With the increasing competition in the market and the development of science technology and economy, the tread of enterprise modernization is irreversible. As the pillar industries of the national economy, Manufacturing needs not only the improvement of production and processing technology, but also advanced management technique and the best production and operation management plan, to improve enterprise's overall productivity and the core competitiveness. Reasonable and efficient scheduling strategy is the key point of improving an enterprise's management skills to make full use of current resource and greatly increase the enterprise's productivity.

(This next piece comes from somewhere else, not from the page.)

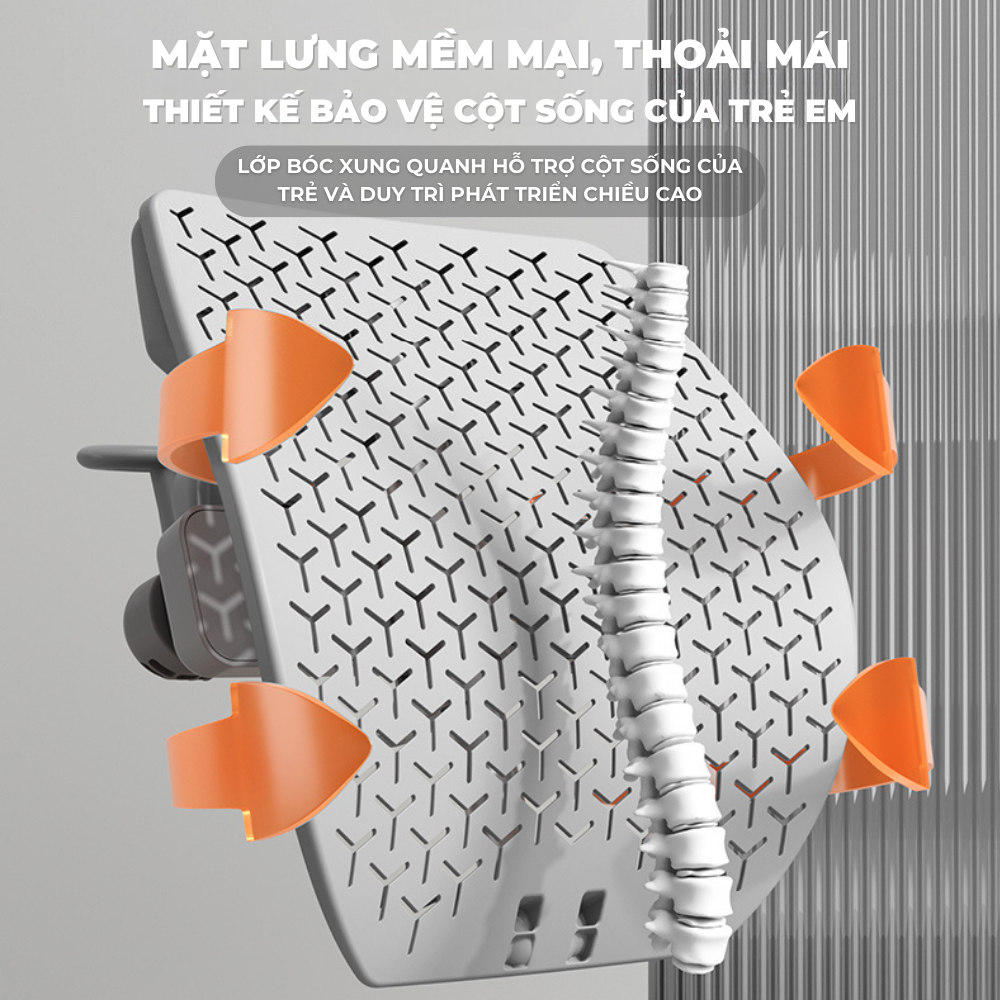 Mặt đệm rộng của ghế cho phép trẻ dễ dàng điều chỉnh vị trí đùi, đảm bảo tư thế ngồi đúng và thoải mái. Điều này không chỉ giúp trẻ phát triển một thói quen ngồi đúng, mà còn bảo vệ cột sống của họ khỏi tác động tiêu cực do việc ngồi sai tư thế. Khả năng sử dụng lâu dài của sản phẩm đồng nghĩa với việc cơ thể trẻ có thể phát triển mà không cần lo lắng về việc thay đổi ghế khi trẻ lớn lên.

     Generally, production scheduling problem has various features with different domains and applications. Job Shop Scheduling Problem (JSSP) is one of the most characteristic scheduling problems and the most difficult combination optimization problems. The NP-hard feature of the problem determines that there exists no polynomial algorithm can obtain the optimal solution in limited time. Since the1980s, metaheuristic algorithms, which originated from an imitation of biological, physical processes and human behavior, attracted the attention of many international and domestic scholars. The metaheuristic algorithms have the characteristic of fast convergence rate, high efficiency, low dependence to the problem, which offer new ideas and orientation to solve JSSP. But because of the omission of constraints, the theory research on JSSP is hard to be used in practical production. Based on the background above, the article makes extending study of JSSP, combined with multi-object, no-wait and flexibility. The main research achievements and innovation point are as follows:
     (1) For the multi-objective job shop scheduling problem (MJSSP), a quad-space cultural genetic tabu algorithm (QSCGTA) is proposed to minimize the average flow time and makespan. In the proposed QSCGTA, a novel bi-directional shifting for the decoding process is incorporated with the operation-based representation to fulfill the calculation of objectives; moreover, a novel cultural structure in containing double brief spaces and population spaces is presented, and these spaces deal with different levels of populations globally and locally by applying genetic and tabu search separately and exchanges information regularly to make the process more effectively towards promising areas, along with modified multi-objective domination and transform functions; in addition, an orthogonal experiment design is employed to provide a receipt for turning the adjustable parameters of the QSCGTA. The computational results presented significantly prove the effectiveness and efficiency of the cultural-based genetic tabu algorithm for multi-objective job shop scheduling problem.
     (2) Considering the widely existence of no-wait constraints in many production processes and few relevant literatures, a combined complete local search with memory (CCLM) is proposed to deal with no-wait job shop scheduling problem (NWJSSP). The problem is decomposed into two sub-problems, the sequencing and timetabling problem; a new efficient combined non-order timetabling method, coordinated with objective of total tardiness, is proposed for the timetabling problems; as for the sequencing one, we have presented a modified complete local search with memory combined by catastrophe operator and distance counting. The entire algorithm was tested on well-known benchmark problems and compared with several best existing algorithms. Computational experiments show that our proposed algorithm performs both effectively and efficiently.
     (3) Based on the above research, a multi-objective combined complete local search with memory (MCCLM) is presented for the multi-objective no-wait job shop scheduling problem to minimize makespan and total tardiness, an initialization based on the LPT, SPT, EDD heuristics is incorporated into the random initialization to generate an initial solution with certain quality and diversity; meawhile a multi-object combined bi-direction timetabling strategy is designed by taking the two objectives into consideration; moreover, some special strategies based on Pareto seletion are proposed; and reasonable parameters of CCLM were determined by performing experiments to identify the tradeoff between effectiveness and efficiency. Various experiments on benchmark problems proved the feasibility and effectiveness of the proposed algorithm.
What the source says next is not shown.